EXERCISE DIRECTIONS = Below are records to repeat exactly. Omit the pictures from the copy.

TASK DATA =

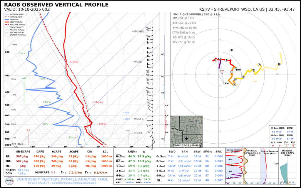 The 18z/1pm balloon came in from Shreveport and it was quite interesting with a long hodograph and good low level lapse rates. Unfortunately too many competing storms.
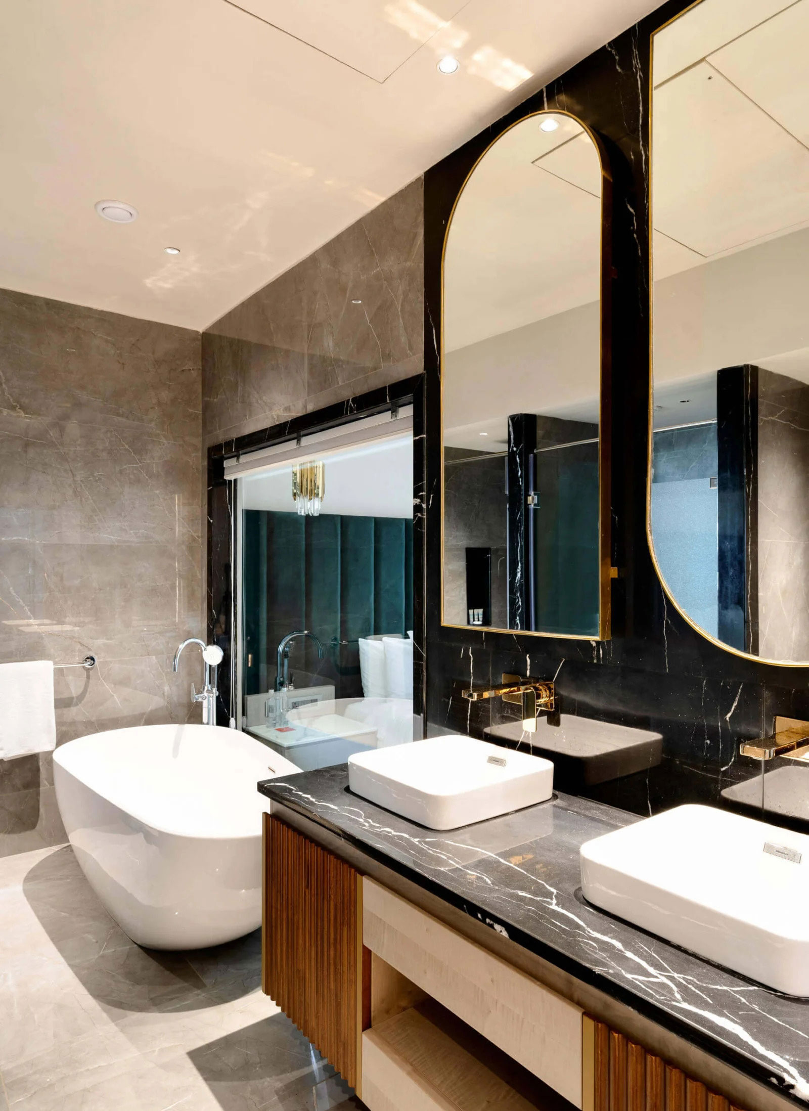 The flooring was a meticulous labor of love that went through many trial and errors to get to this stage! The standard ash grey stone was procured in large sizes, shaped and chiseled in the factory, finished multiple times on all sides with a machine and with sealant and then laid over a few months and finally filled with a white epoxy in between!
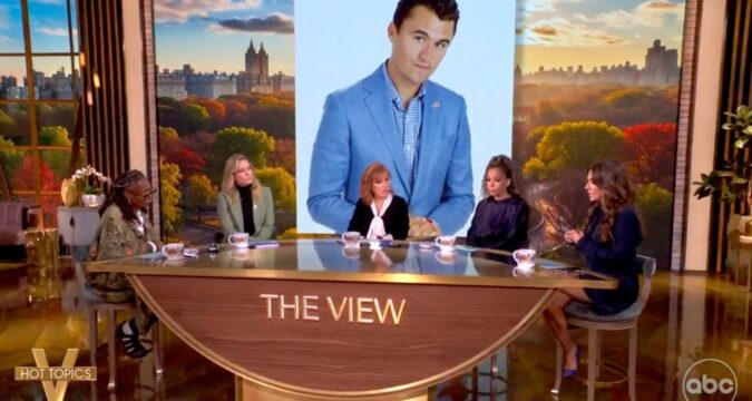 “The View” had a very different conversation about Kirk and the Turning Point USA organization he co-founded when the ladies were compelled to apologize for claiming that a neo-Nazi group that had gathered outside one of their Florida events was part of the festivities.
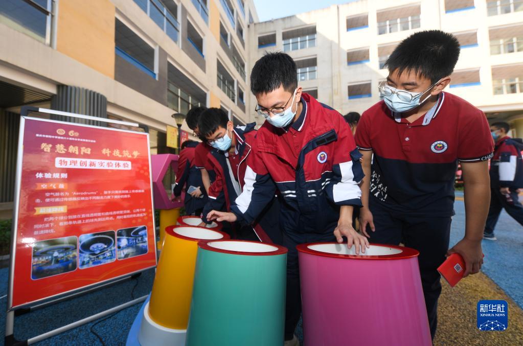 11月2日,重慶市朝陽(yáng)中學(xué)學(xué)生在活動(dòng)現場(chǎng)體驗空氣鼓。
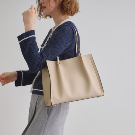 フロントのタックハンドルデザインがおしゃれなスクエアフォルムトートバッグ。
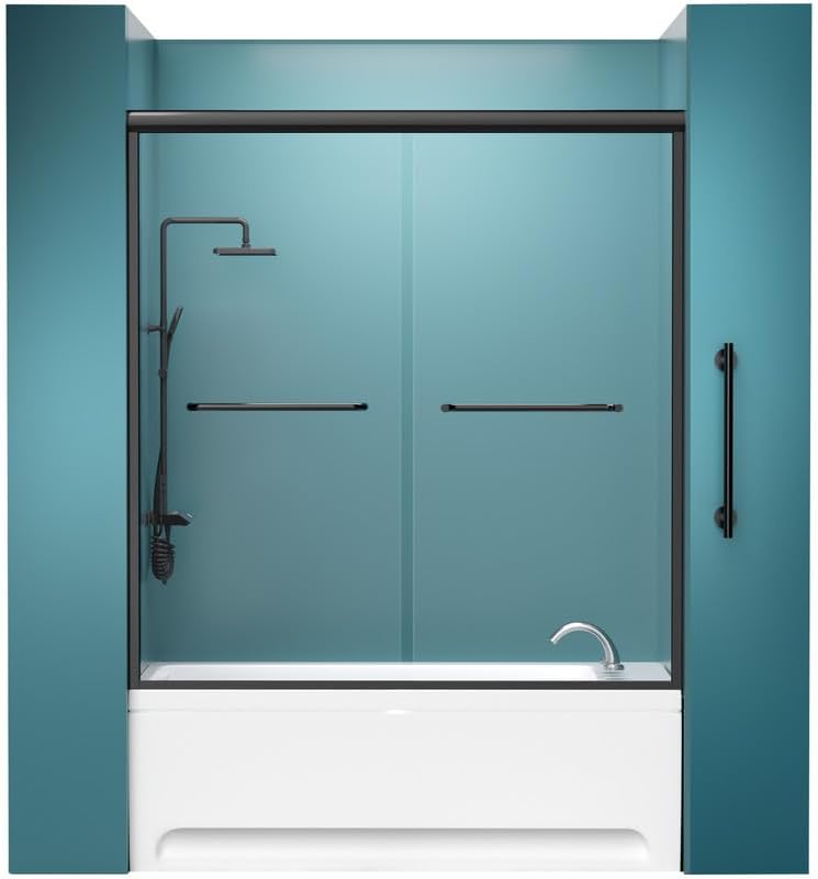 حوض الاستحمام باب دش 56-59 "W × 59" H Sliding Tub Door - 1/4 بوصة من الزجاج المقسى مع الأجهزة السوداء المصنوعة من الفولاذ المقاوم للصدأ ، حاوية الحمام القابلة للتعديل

ANSWER TO THE PROBLEM =
 The 18z/1pm balloon came in from Shreveport and it was quite interesting with a long hodograph and good low level lapse rates. Unfortunately too many competing storms.
 The flooring was a meticulous labor of love that went through many trial and errors to get to this stage! The standard ash grey stone was procured in large sizes, shaped and chiseled in the factory, finished multiple times on all sides with a machine and with sealant and then laid over a few months and finally filled with a white epoxy in between!
 “The View” had a very different conversation about Kirk and the Turning Point USA organization he co-founded when the ladies were compelled to apologize for claiming that a neo-Nazi group that had gathered outside one of their Florida events was part of the festivities.
 11月2日,重慶市朝陽(yáng)中學(xué)學(xué)生在活動(dòng)現場(chǎng)體驗空氣鼓。
 フロントのタックハンドルデザインがおしゃれなスクエアフォルムトートバッグ。
 حوض الاستحمام باب دش 56-59 "W × 59" H Sliding Tub Door - 1/4 بوصة من الزجاج المقسى مع الأجهزة السوداء المصنوعة من الفولاذ المقاوم للصدأ ، حاوية الحمام القابلة للتعديل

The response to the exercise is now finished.